Building a Diverse Clean Energy Workforce

renewable energy

Energy

Over the next eight years, experts estimate that New Jersey will need 41,500 new jobs in energy efficiency to meet the state’s ambitious clean energy goals. To help support this effort, PSE&G launched the Clean Energy Jobs program designed to put up to 2,000 people to work in New Jersey’s clean energy sector – many from underrepresented communities.

On-the-job training – just one component of the program – started last November with an emphasis on providing low-to-moderate-income New Jersey residents with the skills they need to sustain careers in the fast-growing energy efficiency sector. The first group graduated in May, and the second group is in progress. In addition to the six-month training course, PSE&G has placed more than 800 others in well-paying jobs. Along with the availability of on-the-job training, the Clean Energy Jobs program provides candidates the opportunity to take advantage of wrap-around services such as child care, transportation and help in resume writing to ensure their success.

The Clean Energy Jobs program is the first-of-its-kind initiative by a utility, and recently earned a national Best Practice award from the Smart Energy Consumer Collaborative.

The Right Partners

Much of the program’s success is due to the contributions of our community partners, who helped us better serve underrepresented communities. We learned to listen to the job candidates and our partners, and quickly incorporate their feedback into the program. They know best what support candidates need and what barriers exist. They also helped us build trust with the community and raise awareness of a career path not typically considered.

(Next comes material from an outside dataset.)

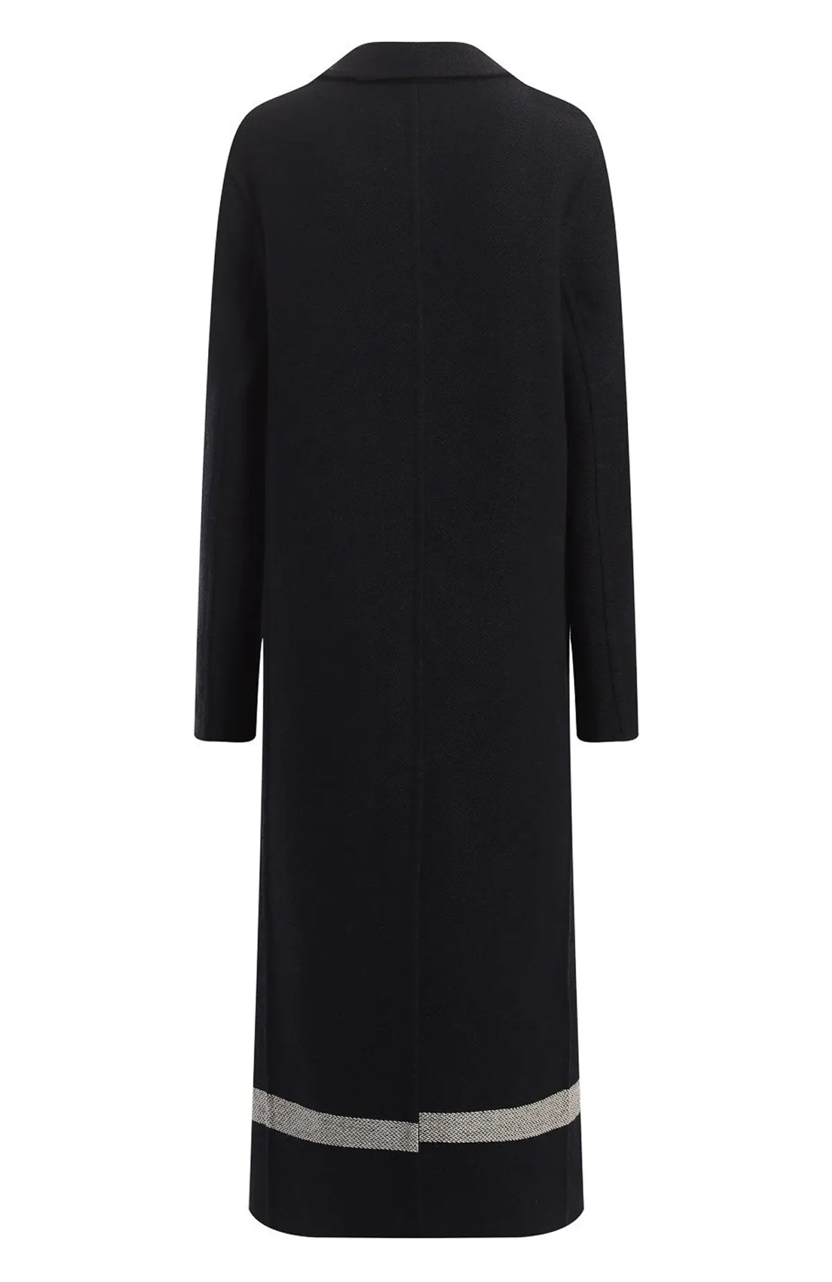 Шерстяное пальто от Dior выполнено в элегантном чёрном цвете и отличается лаконичным удлинённым силуэтом. Модель с классическим отложным воротником и застёжкой на три пуговицы дополнена прорезными карманами с клапанами. Особым акцентом служит контрастная вставка у подола с фирменным логотипом Christian Dior, придающая образу современную графичность. Пальто гармонично сочетает традиционную классику с модными деталями.

To develop the curriculum for the program, PSE&G partnered with industry experts who knew the skills and competencies most needed by energy efficiency employers.

Community organizations helped us recruit candidates for the program and raise awareness of the clean energy economy’s opportunities. Public sector partners like the New Jersey Department of Labor and Workforce Development worked with us to find and secure critical support services, like child care assistance and transportation.

An Agile Approach

Developing a program that meets the needs of job candidates and employers in an emerging field like clean energy required us to take an agile approach of listening, experimenting and adapting in real time.

We asked the energy efficiency employers what skills they would need in six months, when participants were done. We then tailored our curriculum and training to meet those specific needs.

Participants in the program earn a living wage while taking multidisciplinary courses in clean energy, technical skills and interpersonal skills, followed by job readiness and on-the-job training. The program seeks candidates from underserved communities with no experience in clean energy but with intangible skills such as desire, passion, commitment and a strong work ethic.

When we recruited our first group of participants, we realized that the wages being offered during training were not competitive, so we increased the pay rate received by the participants based on competitive market factors. This significantly increased our candidate pool and retention.

Make a Commitment

Addressing long-standing equity issues requires a deep public/private commitment. From the beginning of the program, we committed to giving candidates every chance to succeed. All they needed to bring was a desire to learn, passion, and a willingness to work hard. That includes an appreciation for the evolving industry and the skills that are in demand.

PSE&G and our partners understood from the beginning that we did not have all the answers. But we were all committed to working together to find them.

While our journey is not complete, the Clean Energy Jobs Program has been a win for New Jersey and the economy, providing jobs, reducing customer energy bills and helping to protect the environment.